Sport to Support Mental Health

When children and teens play sport, they experience a whole host of positive benefits not only in their physical wellness, but also their mental health. Physical activity that is moderate to vigorous, like running, going swimming or shooting baskets, releases endorphins, norepinephrine and lowers cortisol which means less stress and improved mood.

Numerous recent studies have shown that children and teens who are involved in sports have considerably higher levels of self-esteem, higher life satisfaction, greater protective benefit against depression, and a more positive body image. Sport programs can create a supportive and growth-inducing environment where children and teens are part of a community; feeling supported by their mates, coaches and involved parents.

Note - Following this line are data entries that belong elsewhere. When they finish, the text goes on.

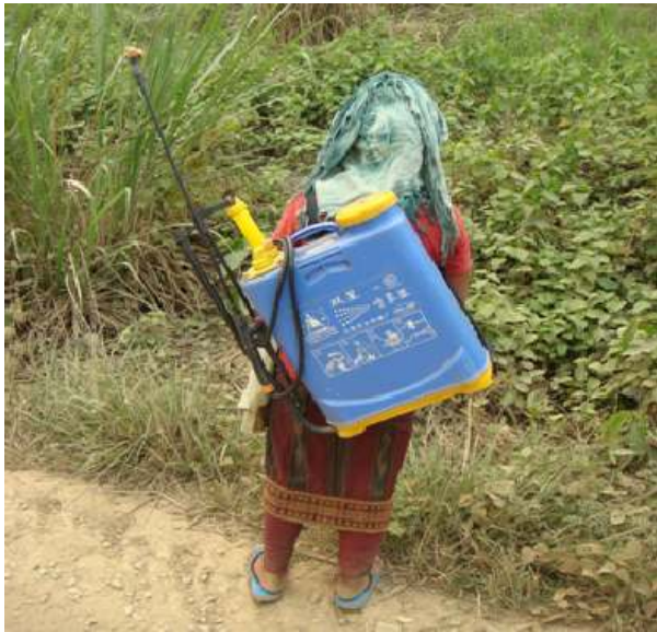
ຮູບທີ 2: ການນໍາໃຊ້ຢາຂ້າຫຍ້າໂດຍຄົນທ້ອງຖິ່ນ

ໝາຍຄວາມວ່າ ການວິໄຈທາງເສດຖະກິດແມ່ນເປັນທີ່ຈະແຈ້ງແລ້ວວ່າ: ຢາງພາລາແມ່ນທາງເລືອກຂອງການນໍາໃຊ້ທີ່ດິນທີ່ໃຫ້ຜົນປະໂຫຍດສູງສຸດຂອງທັງສີ່ລະບົບການນໍາໃຊ້ທີ່ດິນທີ່ໄດ້ຮັບການສຶກສາໃນເທື່ອນີ້. ເຖິງແນວໃດກໍ່ຕາມ, ທັງການປູກສາລີ ແລະ ຢາງພາລາກໍ່ບໍ່ຈຳເປັນຕ້ອງແມ່ນທາງເລືອກຂອງການນໍາໃຊ້ທີ່ດິນທີ່ດີສະເໝີໄປ ສໍາລັບການດຳລົງຊີວິດທີ່ຍືນຍົງຂອງບັນດາຄົວເຮືອນຊົນນະບົດຢູ່ໃນໄລຍະຍາວ ໂດຍປັດສະຈາກການປັບປຸງວິທີການຈັດຕັ້ງປະຕິບັດຕົວຈິງທີ່ດີຂຶ້ນ. ການວິໄຈທາງເສດຖະກິດນີ້ ແມ່ນຍັງບໍ່ທັນໄດ້ລວມເອົາຜົນກະທົບຕໍ່ສະພາບແວດລ້ອມທີ່ກຳນົດເປັນຕົວເຖິງບໍ່ໄດ້ ຕໍ່ກັບບ້ານທີ່ຕັ້ງຢູ່ເຂດລຸ່ມນໍ້າເຂົ້ານໍາ (ດັ່ງທີ່ສະເໜີໄວ້ໃນຕາຕະລາງທີ 2). ຖ້າຫາກມີການປະເມີນຄ່າຜົນຕາມມາຂອງການບໍລິການລະບົບນິເວດ ແລະ ຜົນກະທົບຈາກພາຍນອກເຂົ້ານໍາຢ່າງເຕັມສ່ວນແລ້ວ, ຜົນຕອບແທນຂອງການປູກສາລີ ແລະ ຢາງພາລາກໍ່ອາດຈະຕໍ່າລົງກວ່ານີ້ຫຼາຍ.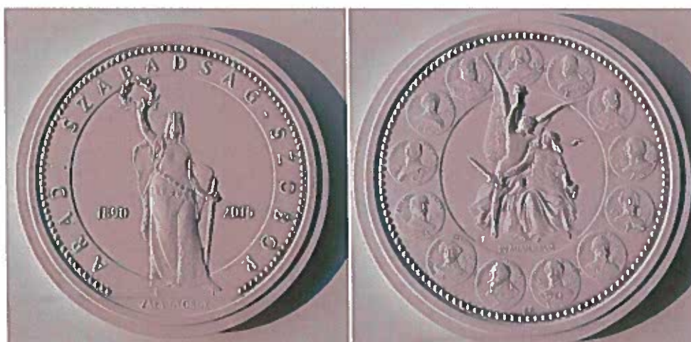
6.,7.) A Szabadság-szobor évfordulójának alkalmából készített emlékérem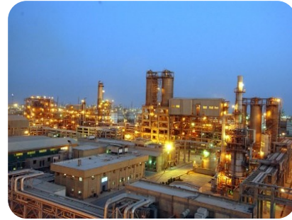
مجتمع پتروپالایش کنگان تعمیرات و راه اندازی سیستم HVAC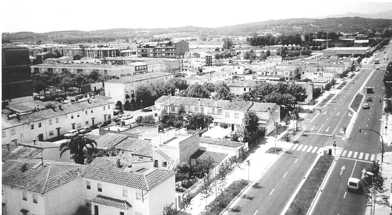
Una estructura de vuit illes d'edificis, a banda i banda de la plaça enjardinada.

soterrat i amb accés per l'hort... són exemples prou paradigmàtics que expliquen la permissivitat de la mateixa OSH perquè les cases més modestes (39,2m 2 i 47,6 m 2 ) poguessin edificar fins als 56 m 2 . Com que això era insuficient, però, les densitats edificades van créixer sense ordre ni restriccions.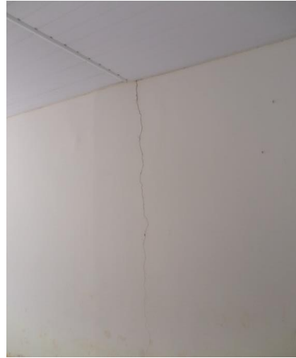
TRINCA NA PAREDE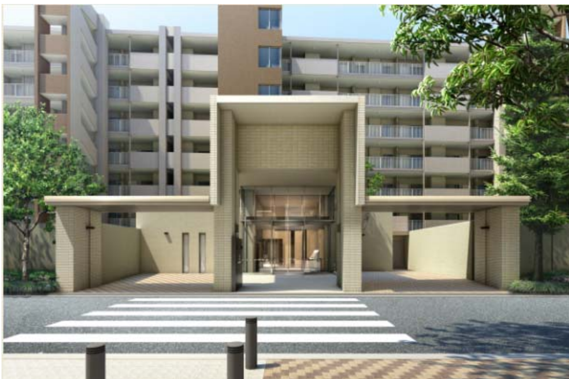
▲ マウントサイドフォート エントランス 完成予想図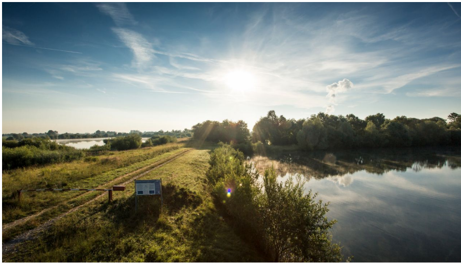
Fetzersee im Gundelfinger Moos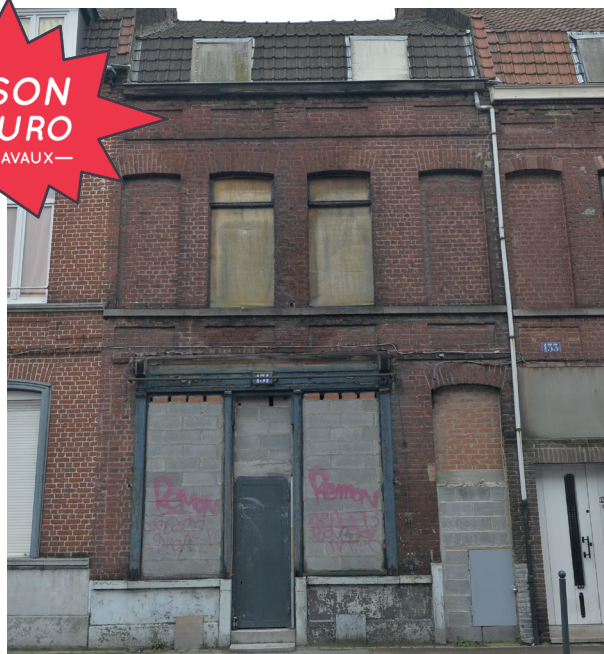
Façade actuelle côté rue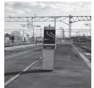
喫煙所はこんなところに…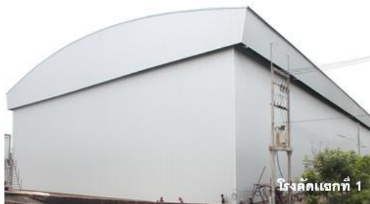
โรงคัดแยกที่ 1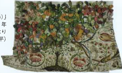
「プランタン(春)」 小林桂子作/2021年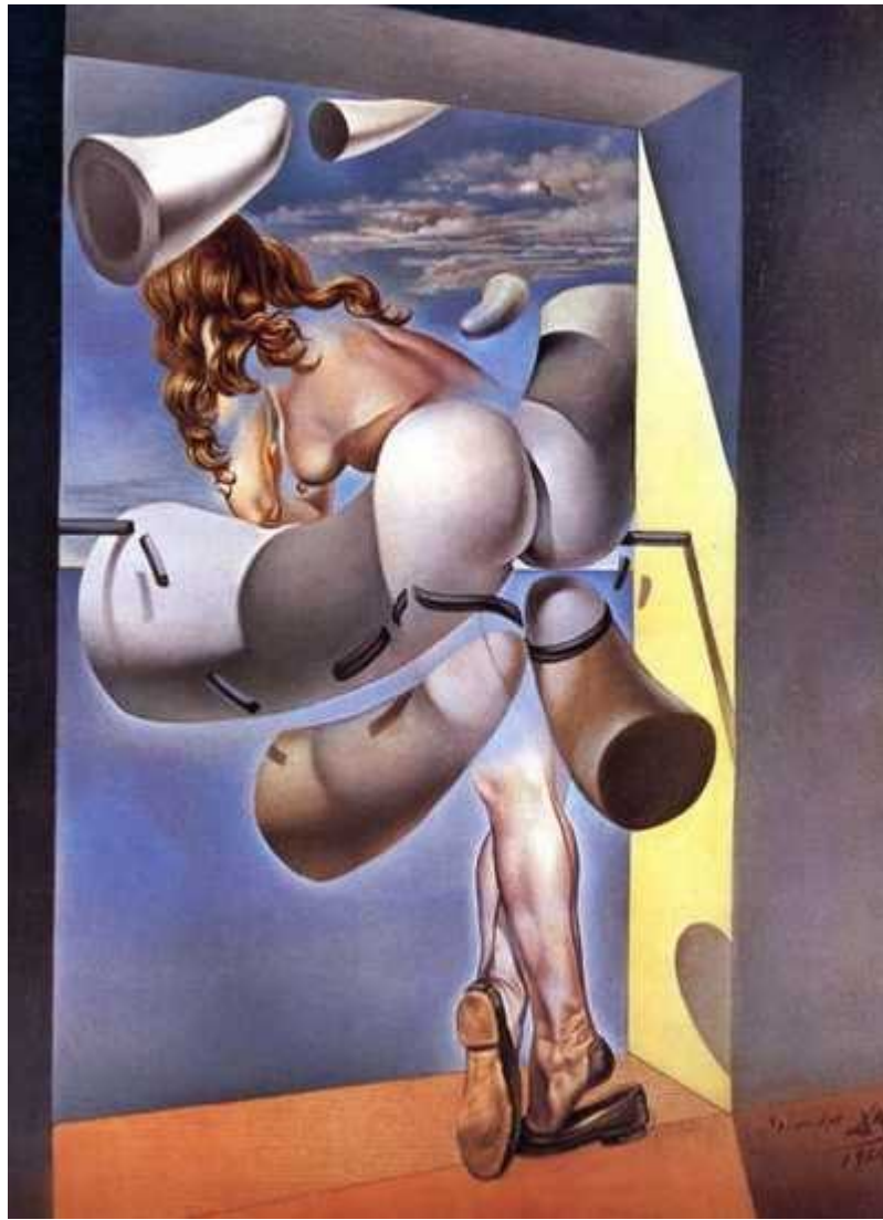
Юная девственница, которую содомирует ее собственная непорочность. Сальвадор Дали.

Физиологическая реакция, которую вам в идеале необходимо обрести, представляет собой продолжительное истечение простатической жидкости (в просторечии именуемой «смазкой») из эрегированного пениса, одновременно с полным сохранением состояния сексуального напряжения. Регулярно практикуясь, вы, в конце концов, научитесь точно выбирать момент для эякуляции; эта фаза оргазма перестанет быть для вас неожиданной. Довольно часто бывает, что собственно семяизвержение длится намного дольше обычного после того, как вы растянете предшествующую ему стадию оргазма, и сопровождается оно более яркими ощущениями, чем всегда. Контроль над этим аспектом половой реакции не только сильно разовьет ваши физические способности к сексуальной магии на необходимо-высоком уровне возбуждения и в состоянии измененного сознания; еще он даст вам необходимый навык завершения оргазма в выбранный момент времени для ваших будущих сексуально-магических операций.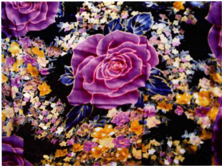
图 1-1 (7) 花卉图案

图案的内容是多方面的,有花卉、动物、人物、风景、文字符号等设计内容。如图1-1(7)~图1-1(10)。随着社会的进步以及电脑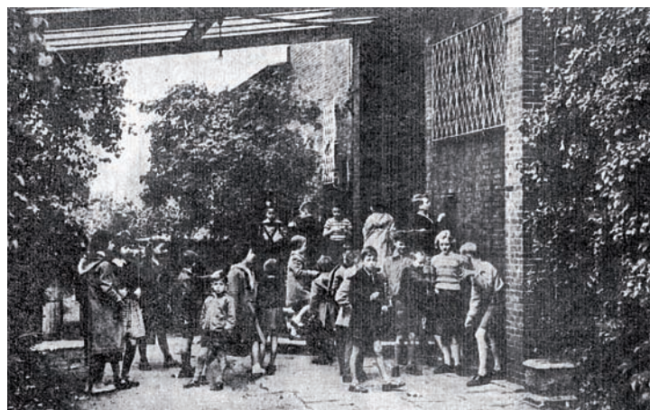
1957: Begeisterung, Aufregung und Verwirrung am ersten Schultag im „Timberlake House“ im Harvestehuder Weg.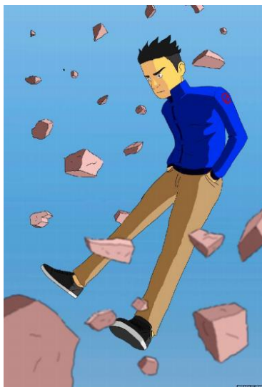
Ilustración 1. La experiencia de ser estudiante.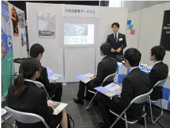
当社出展ブースの様子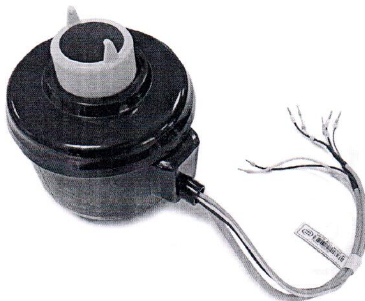
Рисунок 1 - Общий вид КДТН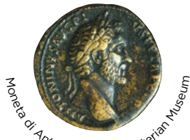
Moneta di Antonino Pio

Circa 2.000 anni fa, il Vallo Antonino costituiva il confine nord-occidentale dell'Impero Romano. Questa struttura difensiva, fatta costruire per volere dell'imperatore Antonino Pio dopo il 140 d.C., si estendeva per circa 40 miglia romane (60 km), dall'attuale Bo'ness, situata sull'estuario del fiume Forth, fino ad Old Kilpatrick, sulle rive del fiume Clyde.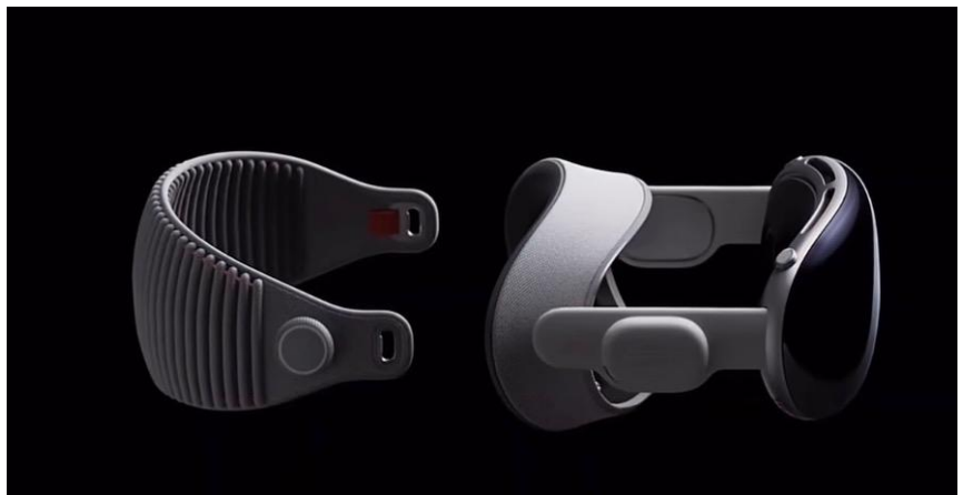
图 7：Vision pro 机身设计

Strong and healthy relationships are at the core of children and teens’ needs to flourish, both now and throughout their life. Sport is a vehicle to fostering these bonds through face to face interactions and the positive and challenging experiences that teammates share. Strong friendships that can last a lifetime are often made through sports teams due to the aligning of children with similar interests.

Taking a wicket in cricket, scoring a goal in netball or their team winning a game can elevate confidence and self-efficacy. Playing sport fosters resilience, confidence, work ethic and dedication. Sport builds character through needing hard work to succeed and presenting challenges to be taken – with the rewards reaped boosting confidence and establishing lifelong patterns of success in other areas. Experiencing both winning and losing, things not always going to ‘plan’, and that many mistakes will be made, children and teens learn resilience when difficulties come. This resilience is paramount to mental health and will positively impact lifelong wellbeing.

Playing sport can give teens a positive view of their body and what it allows them to achieve. Young people are bombarded by messages telling them what their body should look like. When respect for the body is formed and what it can do is appreciated, teens can develop healthier attitudes toward their own body.